What to Say to People That Ask You to Compromise in the Discussion

  • 3 minute read
  • • by Sharon Koifman
  • • August 5, 2022

Punchline:

Don’t compromise on the answer. Just ask to offer your interpretation.

“I’m well-versed in the topic and have years of experience, so I’m not a person that would be easily influenced, but I’m here to offer you a Zionists interpretation if they want to hear.”

If it’s not well received, they are just shit disturbers, and you shouldn’t waste your time.

Long Version:

In both a Facebook debate and in real life, I have gotten into several situations where the opponents put an ultimatum to proceed with the discussion.

They would say something like, “I don’t want to continue chatting with you unless you admit that Israel had done something wrong,”

Some of those guys do it in bad faith and don’t want to have a conversation. But some genuinely believe this is a two-sided conversation scenario where both sides are wrong, and the entrance to the discussion is both sides need to plead some guilt.

“I confess! I am guilty of the crime of being a dwarf!”

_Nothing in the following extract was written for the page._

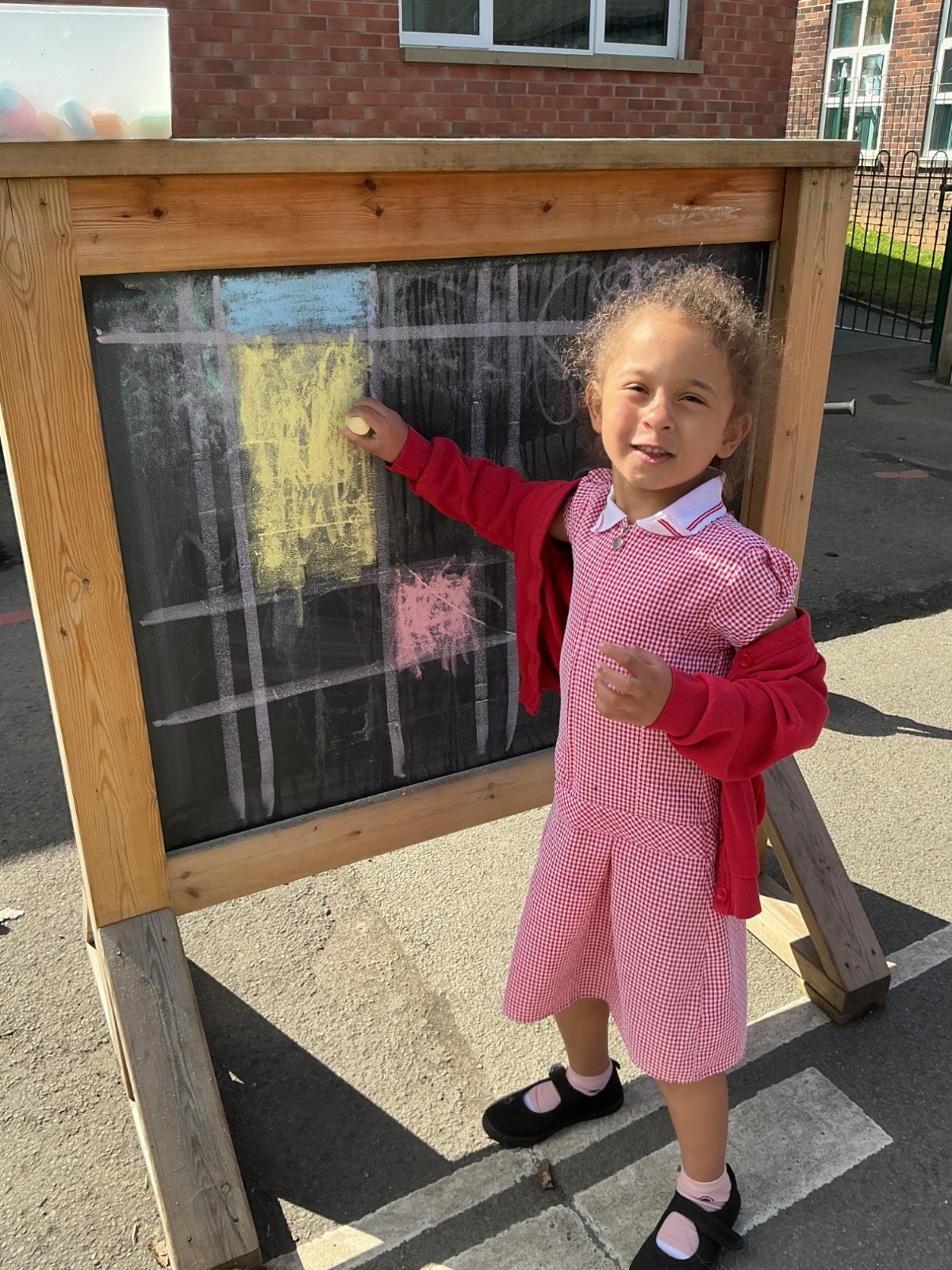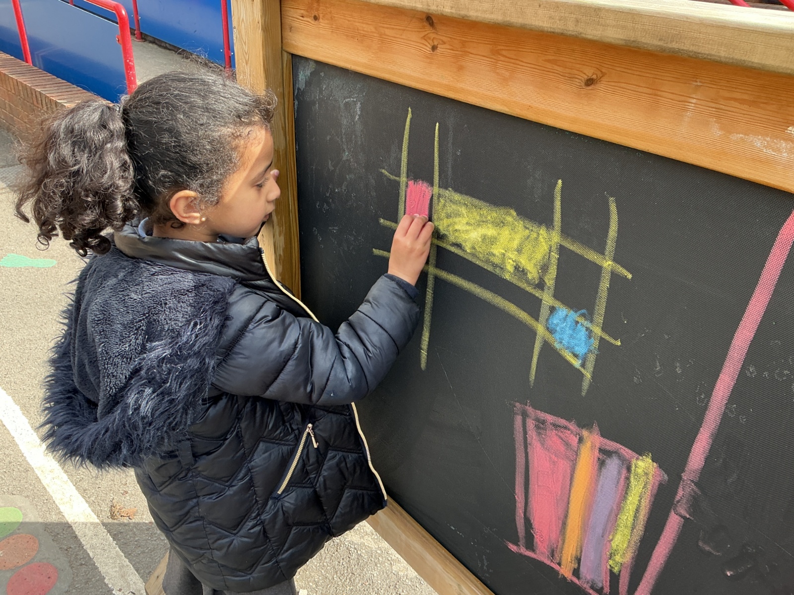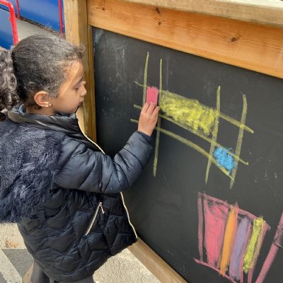 Inspired by his work, the children then created their own artwork in the style of Mondrian. They experimented with a variety of media, including pastels, paint, chalk, tissue paper and wax crayons. This allowed them to explore texture, colour and line in creative and engaging ways.

I don’t know which one I prefer to deal with because there is something very condescending for both the Arab and the Jews where a random white guy simply declares all of us as childish bad people, and we need to redeem ourselves before talking shit about ourselves. That’s colonialism. Anyway, I digress.

Because more important is not to fall into the trap of sacrificing Israel as an entrance fee to have a conversation with someone, the common denominator is that Palestinian are suffering. If that’s not good enough, here’s what you should say.

I start by mentioning that you know the topic well (hopefully, anyone reading this site should have more knowledge than most people.)

“Look, I’m already very well researched on the topic.”

I also tend to drop some credentials:

“I’m also the president of Progressive Zionists” or “I’ve been an activist for a long time, and it will be tough to influence at this moment. I do admit it’s not much of a debate if that’s what you are looking for. What I can do is simply offer you the side of the Progressive Zionists (or simply a Zionists).”

I find that I get a massive hit when I’m being honest that I’m not a person that would be easily influenced because I’m well-versed in the topic and have years of experience, and I’m here to offer an interpretation if they want.

As a general rule, asking if they have some time to listen to an interpretation brings their guard down.

I recently heard a sales coach discuss a unique strategy in “cold calling”. For whoever does it know, “cold calling” is the type of sale where you get a list of strangers and you call them, and you have a few minutes to get them interested in discussing your product a bit more.

The annoying telemarketers that call you during supper time are, unfortunately, “cold callers,” but there are also well-refinebusiness-to-businessss salesmen who call during office hours and heavily invest and prepare before they are about to call.

So back to the advice. She suggested that instead of calling and acting like something you are not, and you know that they know that you know that they know that you are a telemarketer, how about saying:

”Hi sir, I’m cold calling you, and if I can have 5 minutes of your time, I feel this would be a very valuable use of your time.”

While many of us would still hang up the phone, which would be an improvement over wanting to shove the phone does the caller’s throat, but for many people, especially in business, it does bring listeners’ guards down enough to give a few minutes of listening.

This is how it feels when you tell someone, “Look, I’m well-versed on the topic. Would you be interested to hear my interpretation?”. At least for me, it has been a true hit for me.